CHART: Global shipping rates are at a 3-decade low

Photo: Jonathan E. Shaw/ Flickr.

Iron ore, coal, crude oil haven’t had the best time of it in recent years. A rapid expansion in supply, accompanied by a faster-than-expected slowdown in demand, has wrought havoc on these and other commodity prices.

While they are high profile casualties of the slowdown in global growth, there is another, lesser known but related market, that has endured a similarly tough period of late: global shipping rates.

They’ve been hammered, not only in recent days but also the past few years.

The chart below shows the Baltic Dry Index, a gauge that measures changes in costs to transport raw materials such as metals, softs and energy by sea.
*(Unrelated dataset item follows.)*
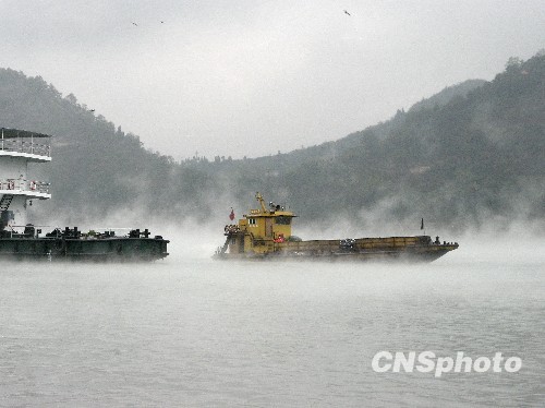 图:三峡蓄水大坝下游呈现雾景

Overnight it closed at 383, the lowest level ever in the more than three-decade history of the index.

Like commodities, it too has come under pressure by an unexpected, and quicker, slowdown in the world’s second-largest economy, China.

Fuelled by expectations for endless 7% plus growth from China, and an abundance of cheap capital willing to finance projects, shipbuilders went on an epic building spree in the period before and after the financial crisis, rushing new vessels into production to capitalise on what were strong shipping rates during the twin commodity price booms of the mid and late 2000s.
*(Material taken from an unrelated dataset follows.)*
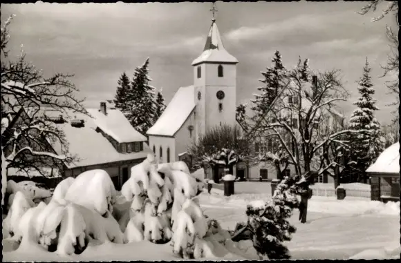 Ak Dobel im Schwarzwald, Kirche, Winter

However, as so many commodity producers have found out recently, bullish forecasts for endless demand growth do not always come to fruition, creating problems down the line given the long lead time, let alone the capital outlay, required to bring supply to market.

Supply deficits can quickly to turn to supply gluts, leading to rapid price declines and falling profitability, or worse.

With global demand likely to remain weak, unless non-productive capacity is removed from these markets, it’s likely that commodities, and tprices to ship them around the world, will continue to remain under pressure.